A reverse takeover (RTO) is a process by which a private company bypasses the traditional Initial Public Offering (IPO) to become a publicly traded entity. It is sometimes referred to as a reverse merger or a reverse initial public offering.

RTOs save companies time and money by eliminating a great variety of financial and operational hurdles associated with an IPO. Such hurdles might include a comprehensive audit and the establishment of a robust public reporting system. It also eliminates lengthy waiting periods, as the company is listed on the stock exchange almost immediately.

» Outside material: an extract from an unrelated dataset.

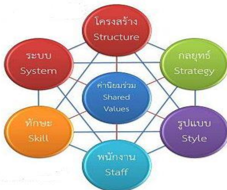
ภาพที่ 2.1 โครงสร้างพื้นฐาน 7-S (McKinsey 7-S Framework)

ศึกษาค้นคว้าโครงสร้างองค์การแบบใหม่คงจะไม่เกิดประโยชน์อะไรมากนัก เพราะรูปแบบโครงสร้างองค์การเป็นเพียงองค์ประกอบหนึ่งที่มีผลต่อความสำเร็จในการดำเนินงานของธุรกิจทางบริษัท แมคคินซีจึงได้เปลี่ยนแนวการค้นคว้าโดยการขยายการศึกษาค้นคว้าให้กว้างขวางยิ่งขึ้น ซึ่งผลการศึกษาพบว่าความสำเร็จในการดำเนินงานของกิจการธุรกิจต่าง ๆ หรือการบริหารงานที่สัมฤทธิ์ผลนั้นจะขึ้นอยู่กับตัวแปรที่มีความสัมพันธ์เกี่ยวเนื่องกันอย่างน้อยที่สุด 7 ตัวนอกจากเนื่องจากกลยุทธ์และโครงสร้าง เรียกว่า “โครงสร้างพื้นฐาน 7-S” (McKinsey 7-S Framework) ซึ่งกรอบแนวคิดนี้ต้องการนำเสนอว่าประสิทธิภาพขององค์การเกิดจากความสัมพันธ์ของปัจจัยต่าง ๆ 7 ประการขององค์การว่ามีลักษณะและมีสภาพอย่างไร โดยเป็นกรอบการพิจารณาและการวางแผนเพื่อกำหนดกลยุทธ์ในองค์การโดยการประสานองค์ประกอบทั้ง 7 ตัว ให้สอดคล้องประสานกัน ตัวแปรแต่ละตัวมีความสำคัญต่อการบริหารองค์การเริ่มตั้งแต่การกำหนดกลยุทธ์องค์การเกี่ยวข้องกับการพิจารณาโครงสร้างองค์การ เป้าหมายขององค์การ ระบบการดำเนินงานทักษะที่ใช้ในการทำงาน บุคลากร รูปแบบพฤติกรรมของพนักงานและเป้าหมายที่ต้องการ ซึ่งในระยะต่อมาได้รับการยอมรับและนำไปใช้อย่างกว้างขวาง และในปัจจุบันได้มีการนำมาใช้เป็นเครื่องมือในการวิเคราะห์องค์การในส่วน of SWOT ในด้านของปัจจัยภายในว่าองค์การนั้น ๆ มีจุดแข็งและจุดอ่อนในปัจจัยทั้ง 7 เป็นอย่างไร แผนภาพข้างล่างนี้เป็น Model ของ McKinney 7-S Framework ซึ่งจะเห็นถึงความเชื่อมโยงระหว่างปัจจัยต่าง ๆ ดังนี้ McKinsey (1980) อ้างใน เรวัตร์ ชาตรีวิศิษฐ์ (2554 :14)

The primary benefit of a RTO is financial. It allows the private company to use the public company shell as a means of access to capital markets and facilitates easier access to acquisition financing and market liquidity.

But there can also be risks associated with RTOs. It is critical to ensure the quality and integrity of the management team, earning track record and financial controls, as there can often be weaknesses in the accounting and record-keeping systems of the RTO. They also lack the due diligence associated with IPOs. Foreign companies often use RTOs to gain access and entry to the U.S. marketplace.

For these reasons, companies considering a RTO must carefully balance the potential advantages with the risks to ensure the best outcome. Adequate legal, financial and operational due diligence should be undertaken to protect the interests of the company and its stakeholders.

Ultimately, a RTO allows a company to quickly become publicly traded without the time, cost,and complexity of an IPO. For companies seeking access to public financing but hoping to avoid expensive underwriting fees and other costs associated with an IPO, RTOs can be a viable choice. However, it is important to ensure that the RTO is carefully executed so that all parties’ interests are protected.